You can now enable Amazon CloudWatch Observability add-on on your EKS cluster with 1-click when provisioning. With 1-click enablement, CloudWatch Observability add-on turns on CloudWatch Container Insights and Application Signals together, enabling you to the understand the health and performance of your applications out of the box. CloudWatch Observability add-on integrates with EKS Pod Identity such that you can simply create a recommended IAM role for the add-on and re-use it across your clusters when creating them, saving you time and effort.\n Previously, you need to create your clusters first, wait for their status to become active and install the CloudWatch Add-on next while managing the required IAM permissions separately. With this launch, you can now install the Amazon CloudWatch Observability add-on when creating your clusters and launch them observability enabled, making observability telemetry available in CloudWatch out of the box. You can then use curated dashboards from CloudWatch Application Signals and CloudWatch Container Insights to take proactive actions in reducing application disruptions by isolating anomalies and troubleshooting faster. CloudWatch Observability add-on is now available on Amazon EKS in all commercial AWS Regions, including the AWS GovCloud (US) Regions. You can install, configure, and update the add-on with just a few clicks in the Amazon EKS console, APIs, AWS Command Line Interface (AWS CLI), and AWS CloudFormation. To get started, follow the user guide.

AWS Marketplace introduces 8 decimal place precision for usage pricing

AWS Marketplace sellers can now price usage rates with up to 8 decimal places.
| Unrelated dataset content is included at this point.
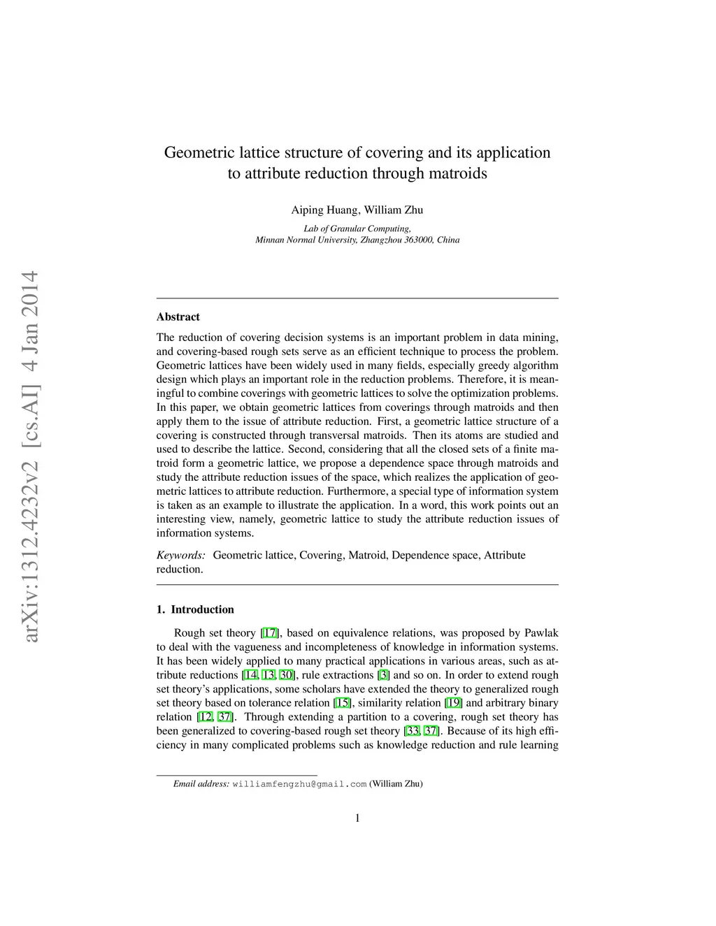 Geometric lattice structure of covering and its application to attribute

This enhancement improves the precision of pay-as-you-go pricing where per-unit costs can be fractions of a cent ($0.00000001), enabling more accurate billing calculations for customers.\n Previously, AWS Marketplace sellers were limited to using only 3 decimal places for usage pricing, restricting flexibility in pricing pay-as-you-go products. This increased precision gives sellers more control over pricing strategies. Sellers can now set more granular per-unit costs (for example, per megabyte or gigabyte), allowing for more accurate billing. This also benefits sellers operating in different currencies, allowing them to set more accurate equivalent US dollar (USD) prices in AWS Marketplace. Additionally, sellers can maintain specific profit margins with greater precision. For example, resellers can set a retail price of $0.0033 to maintain an exact 10% margin on a $0.003 wholesale price. These improvements offer sellers greater control and precision in pricing, leading to more granular rates for customers and improved profitability for sellers, especially in markets where small price differences matter. This feature is available for software as a service (SaaS), server, and AWS Data Exchange products in all AWS Regions where AWS Marketplace is available. To learn more, access AWS Marketplace Product Pricing documentation and AWS Marketplace API documentation. Start using this feature through the AWS Marketplace Management Portal or the AWS Marketplace Catalog API.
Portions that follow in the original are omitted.